Evaporation and fluid dynamics of a sessile drop of capillary size

TL;DR

This paper presents a comprehensive theoretical and numerical study of the evaporation and fluid dynamics of a capillary-sized sessile drop, highlighting the stages of Marangoni convection and vortex evolution during evaporation.

Contribution

It develops a combined model accounting for hydrodynamics, thermal conduction, and vapor diffusion, and describes the dynamic vortex behavior during evaporation.

Findings

Simulation matches experimental evaporation rates for toluene drops.

Multiple stages of vortex formation and evolution are identified.

The number of vortices decreases over time, culminating in a single vortex.

Abstract

Theoretical description and numerical simulation of an evaporating sessile drop are developed. We jointly take into account the hydrodynamics of an evaporating sessile drop, effects of the thermal conduction in the drop and the diffusion of vapor in air. A shape of the rotationally symmetric drop is determined within the quasistationary approximation. Nonstationary effects in the diffusion of the vapor are also taken into account.
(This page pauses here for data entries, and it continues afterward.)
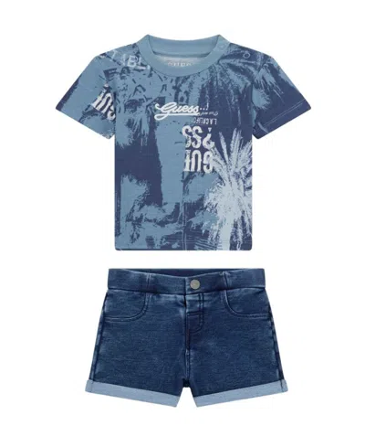 Baby Boy 2-piece All-over Print Short Sleeve T-shirt And Knit Denim Short In Blue
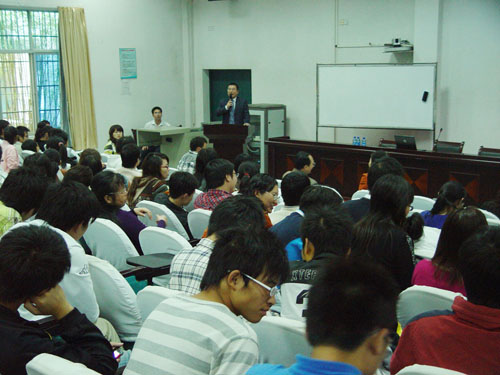 讲座首次采用两人合作的方式。李云龙给师生介绍了新校训的诞生过程和学习践行新校训的"十二字心法";陈蒲清从文化的角度阐释了新校训的意义。
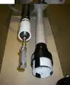 Bottom: the bearing assembly and generator. Top: bearing sleeve and generator case. The bottom assembly goes inside the top asssembly. -
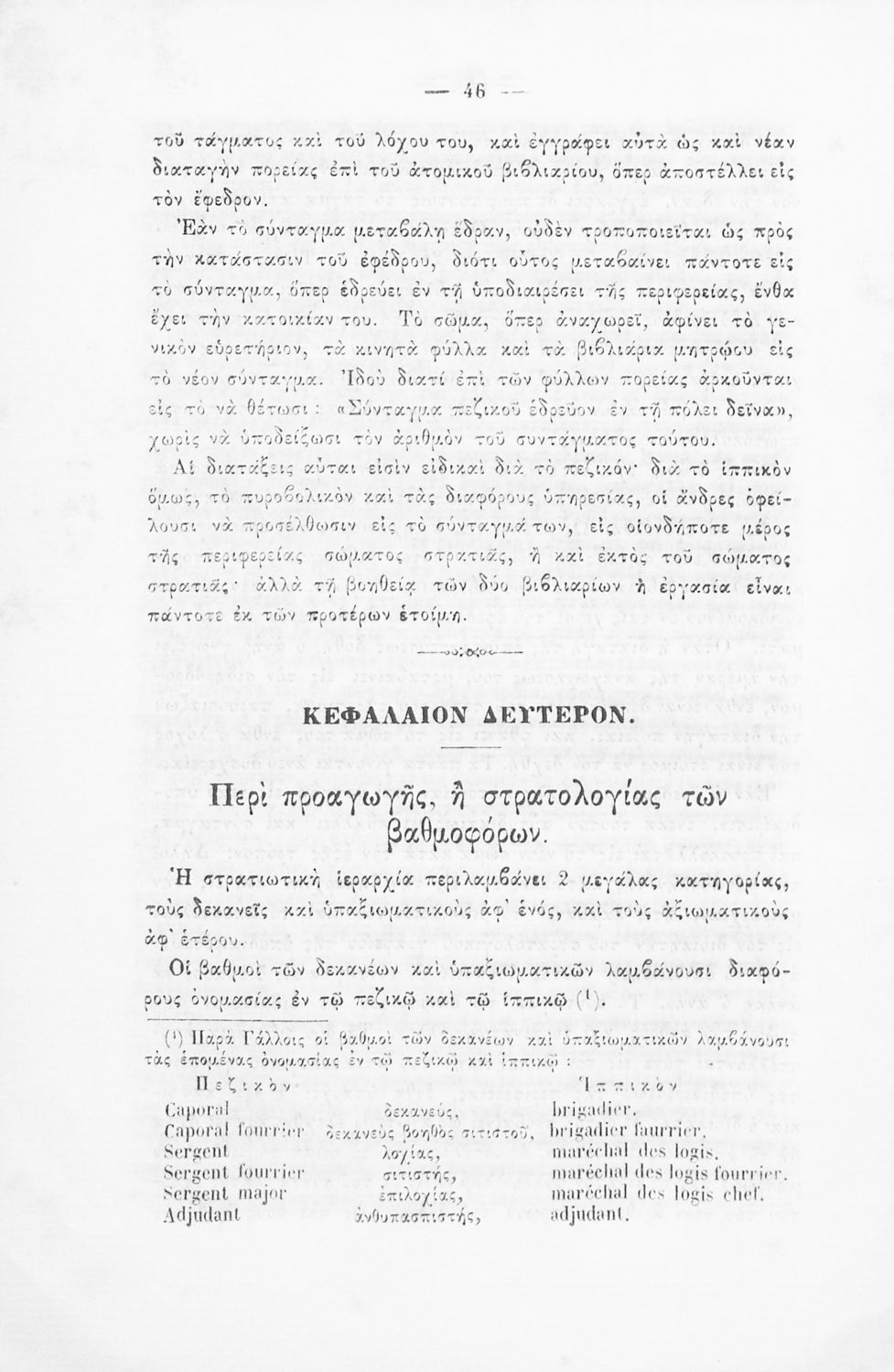 Εγχειρίδιο, μεταφρασμένο από τα Γαλλικά, που στόχο είχε τη διδασκαλία του στρατιωτικού συστήματος ορισμένων κρατών της Ευρώπης στη Στρατιωτική σχολή των Ευελπίδων. Στο βιβλίο παρουσιάζεται η δομή των στρατιωτικών οργανισμών και τα συστήματα στρατολόγησης των διαφόρων χωρών.
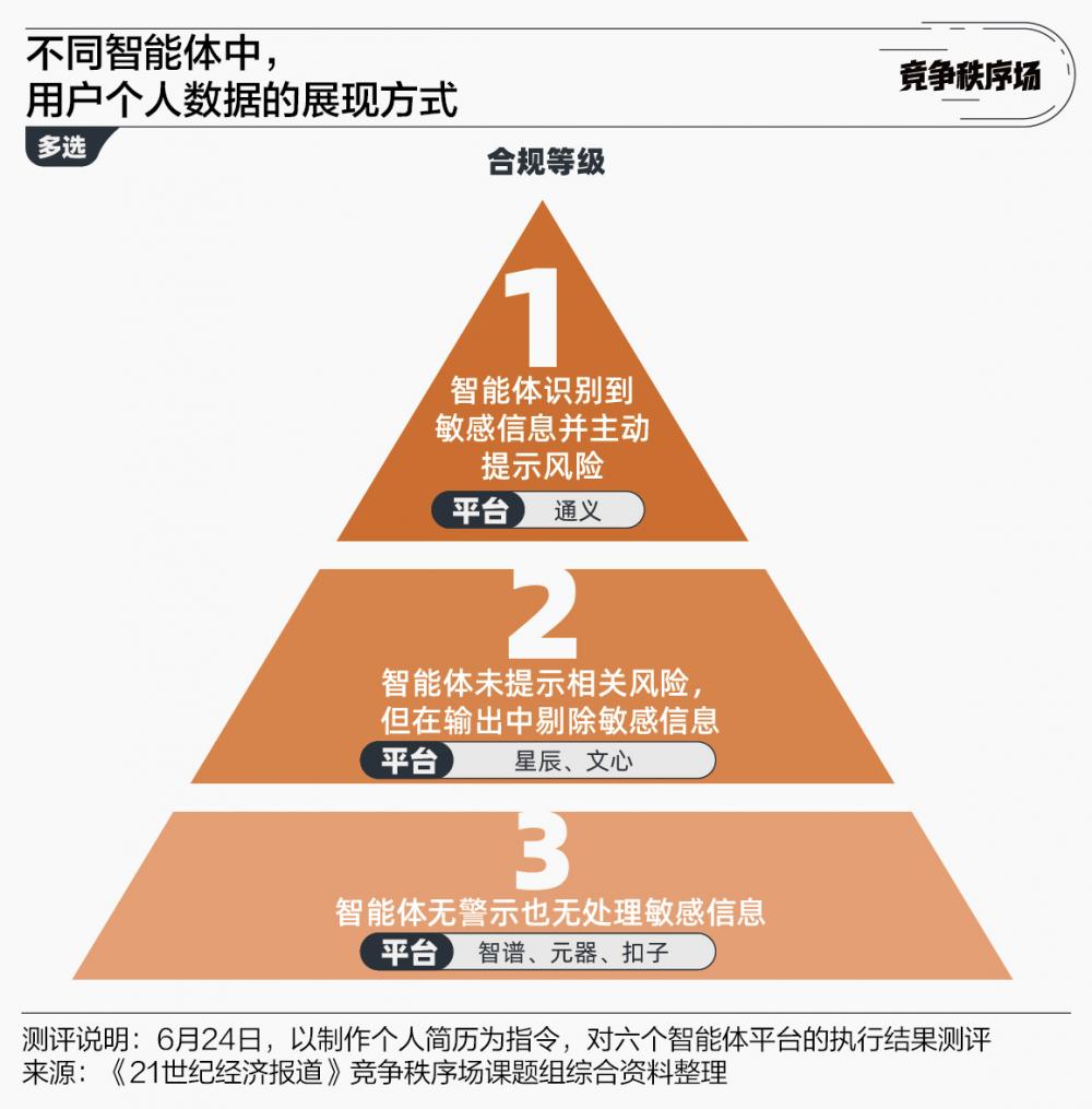 第三档是智谱、元器(腾讯)、扣子(字节跳动)等平台,其智能体在提示和处理方面均无动作,既不警示用户,也未遮掩输出结果中的敏感信息。

Simulation results agree well with the data of evaporation rate measurements for the toluene drop. Marangoni forces associated with the temperature dependence of the surface tension, generate fluid convection in the sessile drop. Our results demonstrate several dynamical stages of the convection characterized by different number of vortices in the drop. During the early stage the street of vortices arises near a surface of the drop and induces a non-monotonic spatial distribution of the temperature over the drop surface. The initial number of near-surface vortices in the drop is controlled by the Marangoni cell size which is similar to that given by Pearson for flat fluid layers. This number quickly decreases with time, resulting in three bulk vortices in the intermediate stage. The vortices finally transform into the single convection vortex in the drop, existing during about 1/2 of the evaporation time.